Records provided Start Marker
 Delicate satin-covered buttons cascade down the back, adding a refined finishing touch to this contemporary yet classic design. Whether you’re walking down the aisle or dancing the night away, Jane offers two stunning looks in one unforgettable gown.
Records provided End Marker
Records provided Start Marker
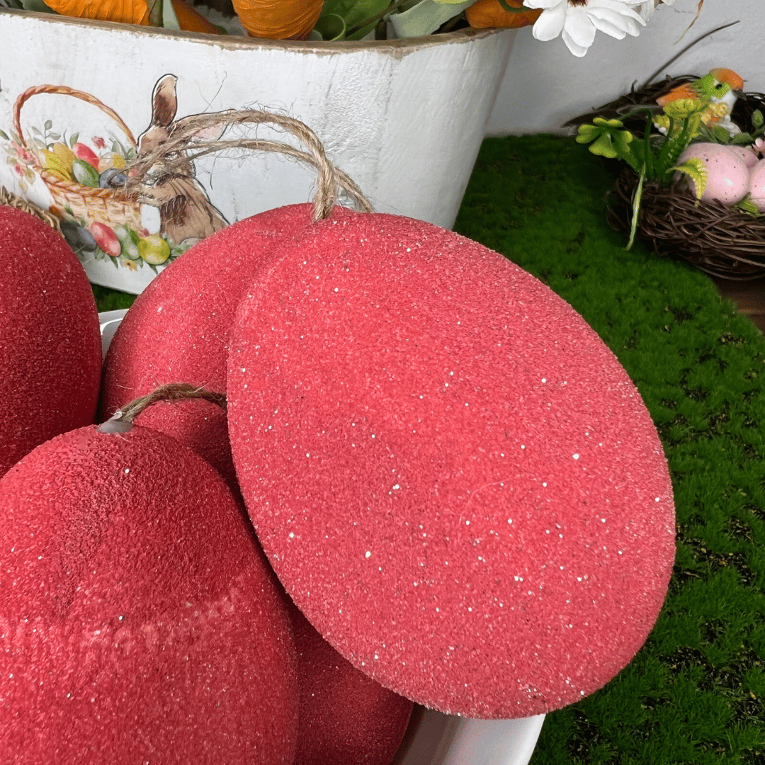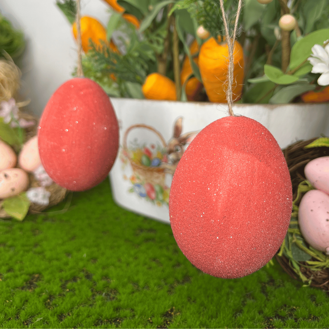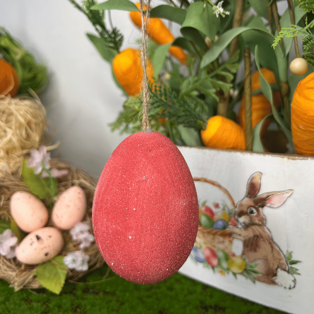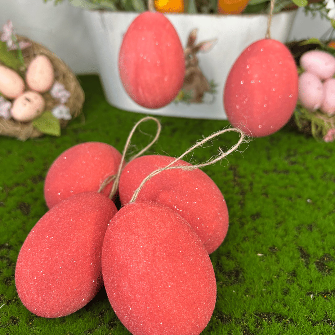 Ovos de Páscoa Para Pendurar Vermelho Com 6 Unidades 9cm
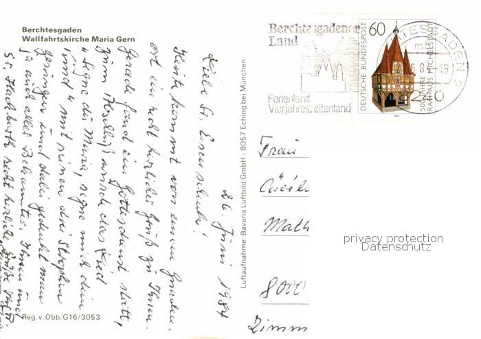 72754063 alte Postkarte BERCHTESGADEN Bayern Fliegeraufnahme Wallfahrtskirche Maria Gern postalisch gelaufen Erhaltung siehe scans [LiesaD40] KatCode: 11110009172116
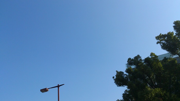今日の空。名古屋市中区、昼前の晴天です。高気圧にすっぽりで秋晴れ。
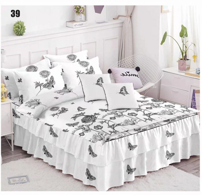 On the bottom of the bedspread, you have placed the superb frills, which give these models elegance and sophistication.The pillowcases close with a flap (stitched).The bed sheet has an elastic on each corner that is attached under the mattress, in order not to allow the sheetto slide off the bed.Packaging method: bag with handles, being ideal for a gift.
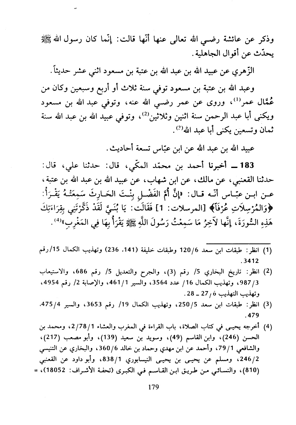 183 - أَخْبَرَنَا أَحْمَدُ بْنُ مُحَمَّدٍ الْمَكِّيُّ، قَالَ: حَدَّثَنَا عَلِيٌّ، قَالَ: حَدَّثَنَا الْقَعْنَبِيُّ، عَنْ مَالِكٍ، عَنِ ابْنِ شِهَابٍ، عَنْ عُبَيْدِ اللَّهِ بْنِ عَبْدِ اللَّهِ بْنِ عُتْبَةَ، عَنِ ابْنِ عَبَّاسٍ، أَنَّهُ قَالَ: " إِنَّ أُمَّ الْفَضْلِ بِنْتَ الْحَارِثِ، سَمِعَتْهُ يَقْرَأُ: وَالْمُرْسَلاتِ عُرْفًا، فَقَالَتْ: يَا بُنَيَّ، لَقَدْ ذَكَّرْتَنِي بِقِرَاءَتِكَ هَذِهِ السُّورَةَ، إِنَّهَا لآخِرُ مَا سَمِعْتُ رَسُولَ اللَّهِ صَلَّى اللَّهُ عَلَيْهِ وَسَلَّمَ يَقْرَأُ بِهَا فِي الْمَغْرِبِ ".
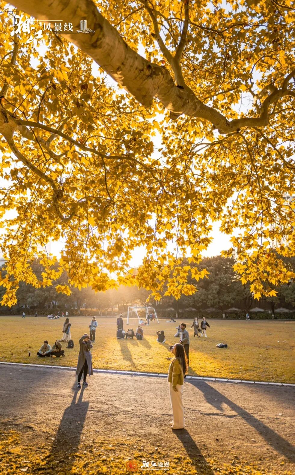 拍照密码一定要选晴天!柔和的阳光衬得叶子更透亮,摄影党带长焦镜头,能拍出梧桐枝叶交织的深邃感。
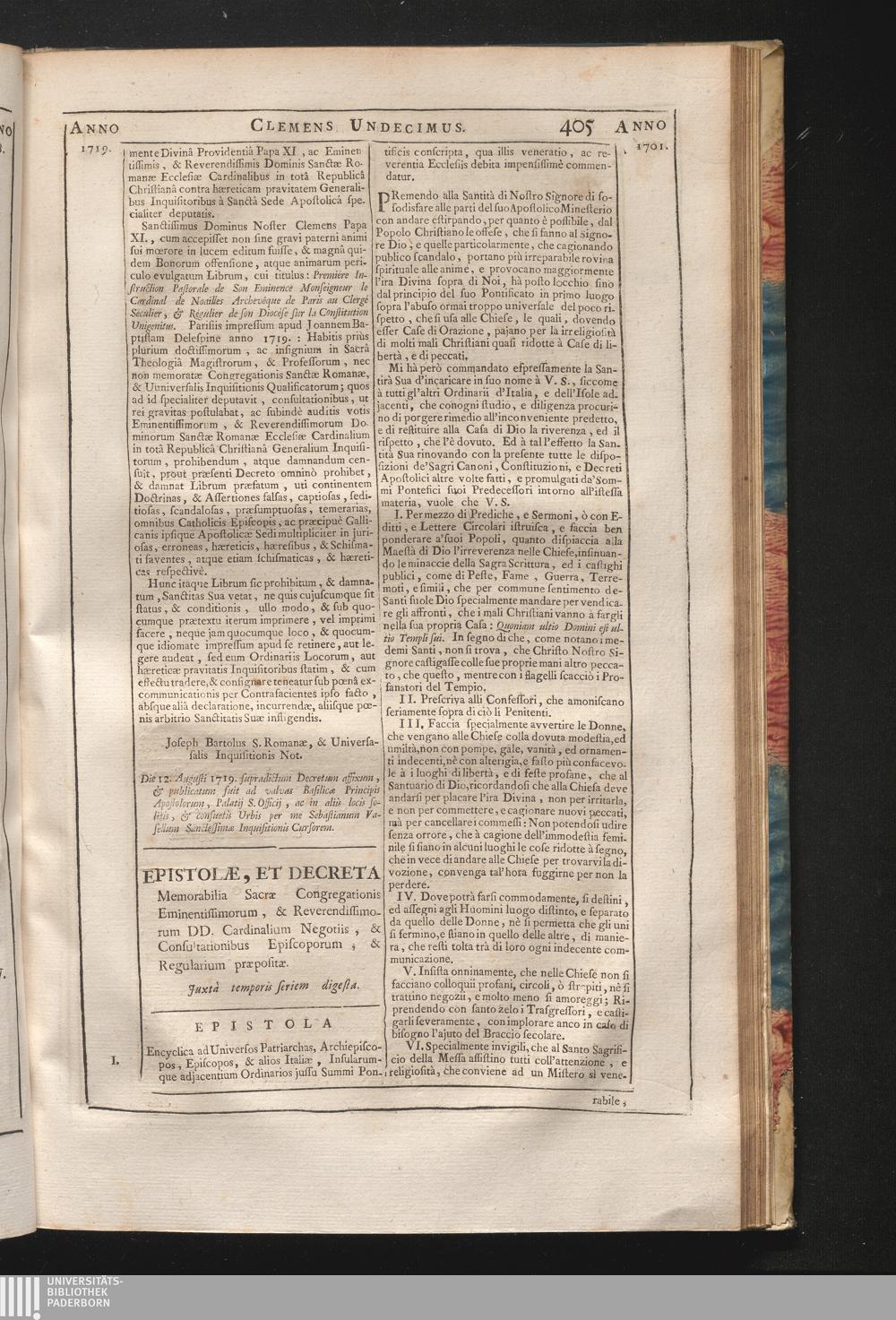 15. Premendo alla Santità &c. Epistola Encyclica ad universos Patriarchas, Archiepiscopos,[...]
Records provided End Marker
— Goal of the exercise —
Set the pictures aside and transcribe exactly the stretch of lines above, beginning with the one holding "72754063 alte Postkarte" and ending with the one holding "今日の空。名古屋市中区、昼前の晴天です。高気圧にすっぽりで秋晴れ。".

— Written answer —
 72754063 alte Postkarte BERCHTESGADEN Bayern Fliegeraufnahme Wallfahrtskirche Maria Gern postalisch gelaufen Erhaltung siehe scans [LiesaD40] KatCode: 11110009172116
今日の空。名古屋市中区、昼前の晴天です。高気圧にすっぽりで秋晴れ。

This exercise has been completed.